Dataset excerpts
# # # # #

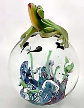 This unique paperweight features a lovely, hand blown , delightfully detailed Lorenzo glass frog. He is perched upon .a heavy-weight, clear glass globe. Inside the globe, swims five little black tadpoles, swimming above an array of pond plants and swirling bubbles–a very attractive setting. This cleverly designed piece will enhance either your home or office desk.
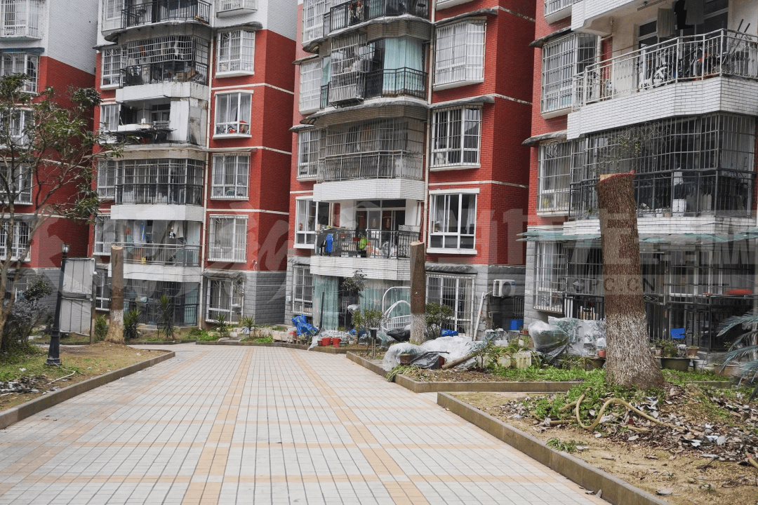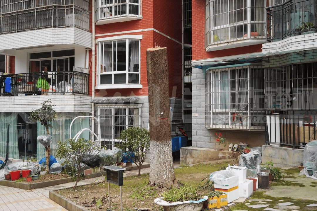 走进凤来仪小区,记者看到被处理的三棵大树确实枝叶全无,仅剩主干。从现场情况看,树干断口平整,明显是经过人工砍伐,周围还散落着一些养护工具和杂物。小区内道路由方砖铺就,两侧是红白相间的多层住宅楼,而这几棵失去树冠的树木与墙边零星的盆栽、绿植形成鲜明对比,部分区域看上去有些杂乱。
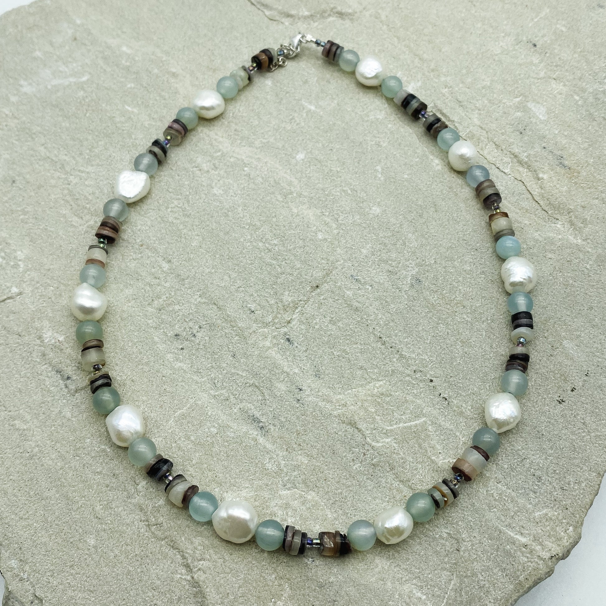 Slater Beaded Necklace - Blue Agate, Pearl, Shell
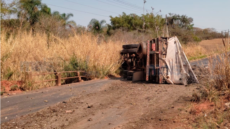 Acidente entre caminhões com cargas de ovos e esterco de galinha deixa três feridos em vicinal
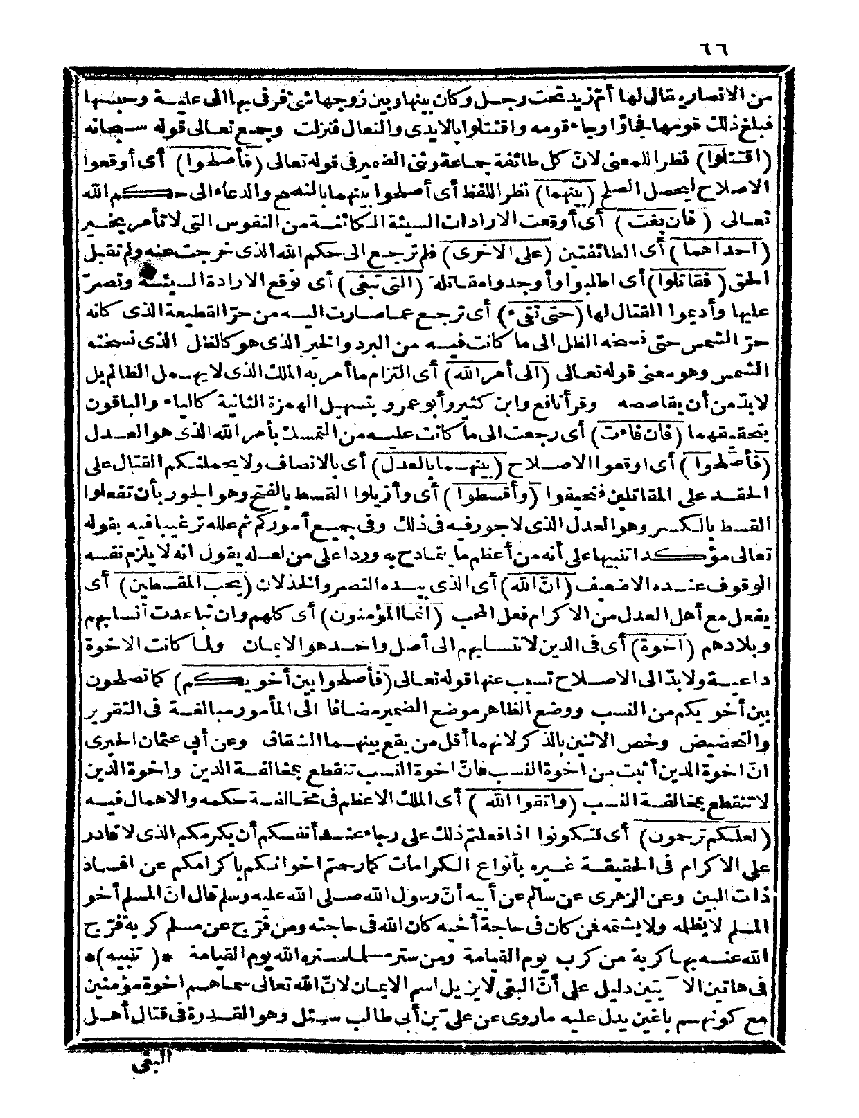 تنبيه: في هاتين الآيتين دليل على أنّ البغي لا يزيل اسم الإيمان لأنّ الله تعالى سماهم أخوة مؤمنين مع كونهم باغين يدل عليه ما روى عن عليّ بن أبي طالب سئل وهو القدوة في قتال أهل
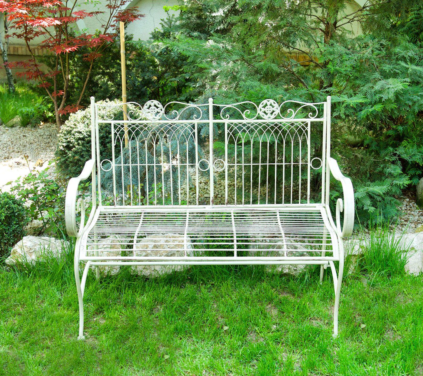 37. Băncuță pentru grădină, cu brațe cambrate
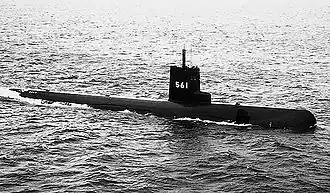 However, these small submarines had serious restrictions on their snorkeling and surface navigation capabilities, especially in stormy weather, which became a serious problem in submarine operations in the waters near Japan. In addition, since the USN had changed its policy to develop a large submarine such as the Tang-class submarine, the Maritime Self-Defense Force also decided to build a larger submarine (SSL) with excellent seakeeping. Based on this, first, as a substitute ship for JDS Kuroshio, only one ship was built in the plan of 1958.[2][3]
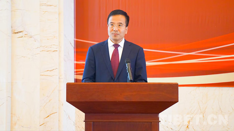 圖為西藏自治區(qū)黨委宣傳部副部長、西藏自治區(qū)社會科學(xué)院黨組書記孫向軍在第十六屆“中國講壇”現(xiàn)場致辭 攝影:趙振宇

# # # # #

_Task to carry out_: Could the data above be copied out exactly, with no pictures kept?

_Exercise result_:
 This unique paperweight features a lovely, hand blown , delightfully detailed Lorenzo glass frog. He is perched upon .a heavy-weight, clear glass globe. Inside the globe, swims five little black tadpoles, swimming above an array of pond plants and swirling bubbles–a very attractive setting. This cleverly designed piece will enhance either your home or office desk.
 走进凤来仪小区,记者看到被处理的三棵大树确实枝叶全无,仅剩主干。从现场情况看,树干断口平整,明显是经过人工砍伐,周围还散落着一些养护工具和杂物。小区内道路由方砖铺就,两侧是红白相间的多层住宅楼,而这几棵失去树冠的树木与墙边零星的盆栽、绿植形成鲜明对比,部分区域看上去有些杂乱。
 Slater Beaded Necklace - Blue Agate, Pearl, Shell
 Acidente entre caminhões com cargas de ovos e esterco de galinha deixa três feridos em vicinal
 تنبيه: في هاتين الآيتين دليل على أنّ البغي لا يزيل اسم الإيمان لأنّ الله تعالى سماهم أخوة مؤمنين مع كونهم باغين يدل عليه ما روى عن عليّ بن أبي طالب سئل وهو القدوة في قتال أهل
 37. Băncuță pentru grădină, cu brațe cambrate
 However, these small submarines had serious restrictions on their snorkeling and surface navigation capabilities, especially in stormy weather, which became a serious problem in submarine operations in the waters near Japan. In addition, since the USN had changed its policy to develop a large submarine such as the Tang-class submarine, the Maritime Self-Defense Force also decided to build a larger submarine (SSL) with excellent seakeeping. Based on this, first, as a substitute ship for JDS Kuroshio, only one ship was built in the plan of 1958.[2][3]
 圖為西藏自治區(qū)黨委宣傳部副部長、西藏自治區(qū)社會科學(xué)院黨組書記孫向軍在第十六屆“中國講壇”現(xiàn)場致辭 攝影:趙振宇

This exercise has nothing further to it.